2. Heard Mr. Dave for the accused appellants and Mr. Jain for the complainant respondents. On the basis of a complaint alleging commission of offence under Section 406/420, the Magistrate took cognizance and issued process on 11.9.1998. The accused thereaft-er immediately approached the High Court invoking jurisdiction under Section 482. The High Court thought it appropriate that the accused has approached prematurely and directed that the accused may approach the Magistrate again for recalling the process, obviously following the judgment of this Court in Mathew’s case. Accused then approached the Magistrate and Magistrate after reconsideration of the matter came to hold that the complainant did not mention that the accused have dishonestly and with mala fide intentions induced the complainant or had induced in any manner about the receiving of the amount in a dishonest manner and the ingredients of the offence under Section 420 do not appear. But all the same, the Magistrate was of the opinion that, that should be a matter for trial and there is no infirmity in issuing process so far as the offence under Section 406 is concerned. The Magistrate, however, was of the opinion that the necessary ingre-dients for offence under Section 420 having not been established, he recalled the issuance of process so far as the Section 420 is concerned. The accused then approached the High Court under Section 482. The High Court by the impugned order came to hold that it would not be possible to hold that on the basis of the statement in the complaint as well as the statements made by the complainant and his witnesses under Section 202 that no case under Section 406 has been made out, and accordingly refused to invoke its jurisdiction under Section 482. The High Court, howev-er, further observed that the Magistrate may re-consider the question of framing of charge under Section 420 under the avail-able materials.
3. Mr. Dave, the learned senior Counsel appearing for the accused appellants contends that on the vague assertions made in the complaint read with the statements of the complainant and his witnesses in the enquiry under Section 202 and in view of the conclusion of the Magistrate while considering the application for recalling of the process, the High Court failed to exercise its jurisdiction under Section 482 allowing the criminal proceed-ings to be continued which would be ultimately the abuse of the process of the Court. Mr. Jain, learned senior Counsel appearing for the complainant respondents, on the other hand, contended that the statement of the complainant, if read with the asser-tions in the complaint, undoubtedly satisfies the basic ingredi-ents for taking cognizance of the offence under Section 406 as well as under Section 420, and therefore there is no infirmity with the order of the High Court so as to be interfered with by this Court under Article 136 of the Constitution.

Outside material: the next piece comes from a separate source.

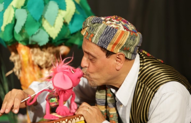 תיאטרון בובות על במה מסתובבת, שירים והפתעות.

4. Having examined the rival contentions and having applied our mind to the assertions made in the complaint as well as the statement of the complainant in the enquiry under Section 202, we have no hesitation to come to a conclusion that the ingredients of offence under Section 419 have not been made out and therefore the question of requiring the accused to face trial under Section 420 cannot be sustained. The further question, however, still remains to be considered whether on those materials would it be open for the Court to quash the cognizance under Section 406 or it would be a matter for trial. Mr. Dave, however, contended that while framing of charge the Court was duty bound to look into the prime facie materials and in that connection he wanted to press before us the several materials including the notice issued. But that stage, in our opinion, has not reached in the case. The Magistrate has merely taken cognizance of the offence and has issued process and therefore at this stage the question of con-sideration of other materials does not arise and Court will have to take a view taking into account the fact that all the state-ments made in the complaint as well as the statement made under Section 202, if taken on its face value, an offence can be said to have made out. Applying that standard, we are of the consid-ered opinion that there is no error in taking cognizance of the offence, though we make it clear that it would be open to the accused while framing charge to argue as to whether the materials do permit framing of charge in the case in hand.
5. The appeal is accordingly disposed of.
6. It will be open for the accused to move the Magistrate for exempting appearance under Section 205 of Cr.P.C.